Frederick Albert Winsor (1762-1830)


Albert Wintzler de son vrai nom, voit le jour en 1762. En 1801, en Allemagne, Frederick Albert Winsor, s’inspirant largement des travaux de Philipe Lebon, publie un essai sur ses expériences d’éclairage produit par la distillation des bois de chêne et de sapin. Il se rend à Londres faire des expériences en public. En 1807, il fonde la «  Gas Light and Coke Compagny », une société d’éclairage général au gaz pour les rues, les usines, les boutiques, les hôtels et les maisons bourgeoises de Londres. En 1814, le brevet de Lebon tombe dans le domaine public. À l’été 1815, Windsor se précipite dans la capitale française pour y déposer une demande de brevet, qu’il obtint en janvier 1816. Il entreprend alors l’éclairage au gaz du passage des Panoramas, à Paris. C’est dans cette ville qu’il fonde en 1817 la première compagnie de gaz. Ruiné après la faillite de son entreprise, il meurt en 1830 et est enterré au cimetière parisien du Père-Lachaise.

Les entrepreneurs

Émile (1800-1875) et Isaac (1806-1880) Pereire


Les frères Pereire, hommes d’affaires, prirent une part active à l’essor du gaz à Paris, notamment lors de la signature le 23 juillet 1855 du traité de concession de l’éclairage et du chauffage au gaz à Paris accordé pour cinquante ans à six compagnies. L’empereur Napoléon III préconise un gaz à bon marché, les banquiers proposent alors une diminution de 25 % du prix du gaz et favorise son développement rapide. En 1861, ils construisent le Grand Hôtel, rue Scribe, sur des plans de Charles Garnier, éclairé par des milliers de becs de gaz.

L’éclaireur

Claude- Philibert Barthelot de Rambuteau (1781-1869)

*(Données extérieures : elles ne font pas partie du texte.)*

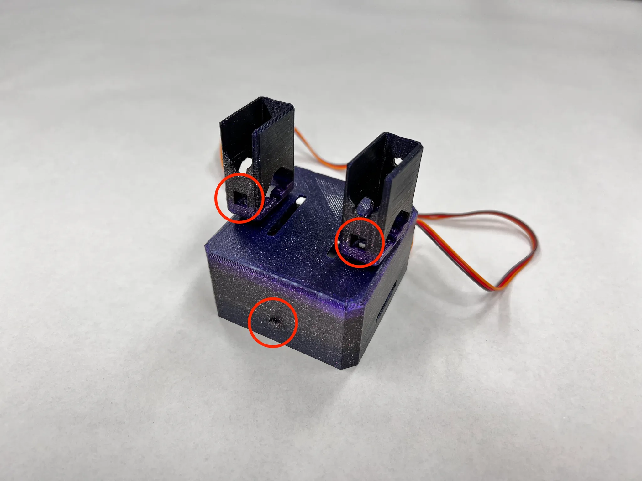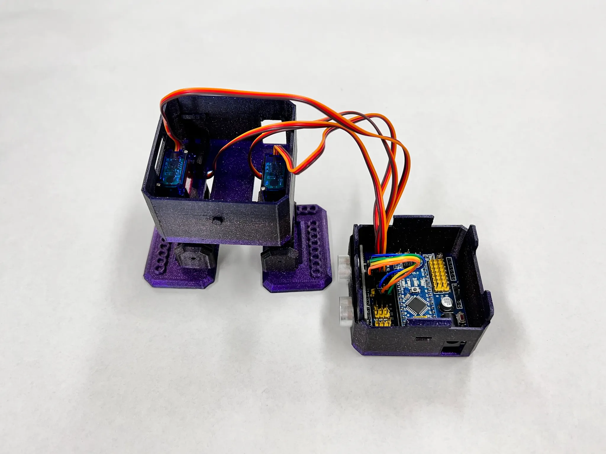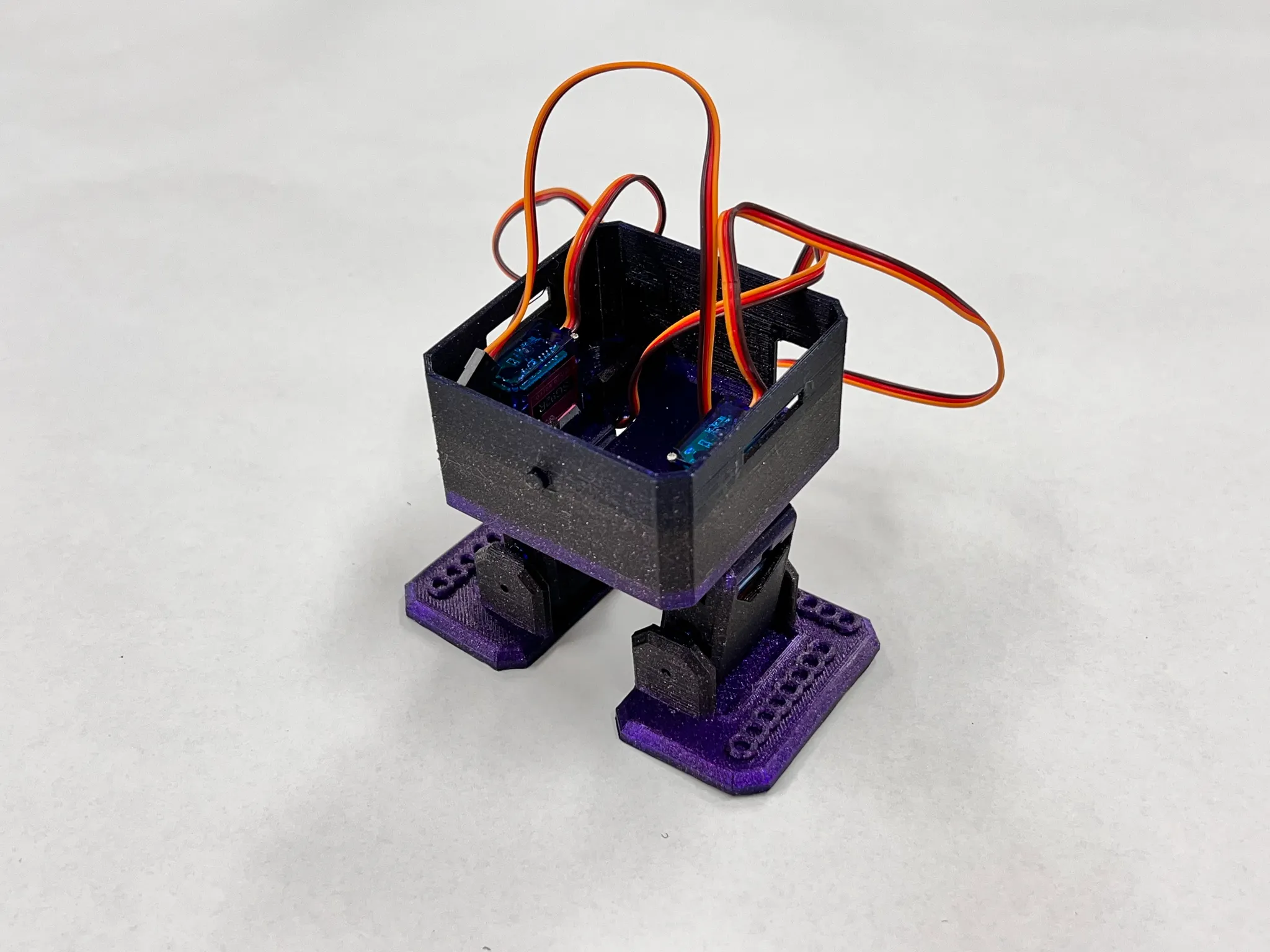다리와 서보모터 사이에 유격이 존재합니다. 순간접착제를 활용해 서보모터 혼과 다리 부품을 고정하면 해결할 수 있으나, 이대로 두어도 큰 문제는 없습니다.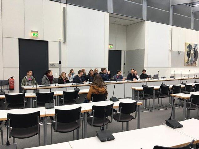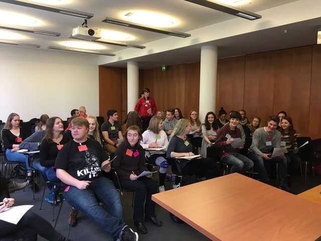 Im Anschluss gab man uns eine Einführung über den Ablauf des nun folgenden Planspiels. Unsere Aufgabe war es, in die Rollen von fiktiven Abgeordneten des Bundestages zu schlüpfen und den Weg eines Gesetzes – von der Gesetzesvorlage über die Lesungen, die Änderungsvorschläge durch die Ausschüsse und Fraktionssitzungen - zu begleiten. Nach den ersten Fraktionssitzungen und der Wahl der Bundestagspräsidentin standen verschiedene Ausschusssitzungen an, in denen sich die Mitglieder mit dem vorliegenden Gesetzentwurf des Bundesrates beschäftigten und Änderungsvorschläge einbrachten. Der uns vorliegende Gesetzesentwurf besagte, dass sich ältere Menschen regelmäßig einer Überprüfung ihrer Fahrerlaubnis unterziehen müssen, um ihren Führerschein nicht zu verlieren. Nach weiteren Fraktionssitzungen der Parteien, in denen kontrovers über das Gesetz diskutiert und sich die jeweilige Position zu diesem Gesetz erarbeitet wurde, folgte die abschließende Sitzung des Bundestages mit der Schlussabstimmung über den geänderten Gesetzentwurf.

Haut fonctionnaire de la première moitié du XIXe siècle, le comte de Rambuteau a été conseillé d’État, pair de France et préfet de la Seine de 1833 à 1848. Il a mis en place les premiers éléments de la transformation de Paris et notamment l’essor de l’éclairage au gaz, achevé par le préfet Haussmann sous le Second Empire. Réalisant de nombreux travaux d’embellissement et d’assainissement dans la capitale (première vespasienne en 1840), il acheva l’Arc de Triomphe et généralise l’éclairage au gaz : à son arrivée en 1833, la ville comptait 69 becs de gaz ; on en dénombrait plus de 8 600 à son départ, en 1848.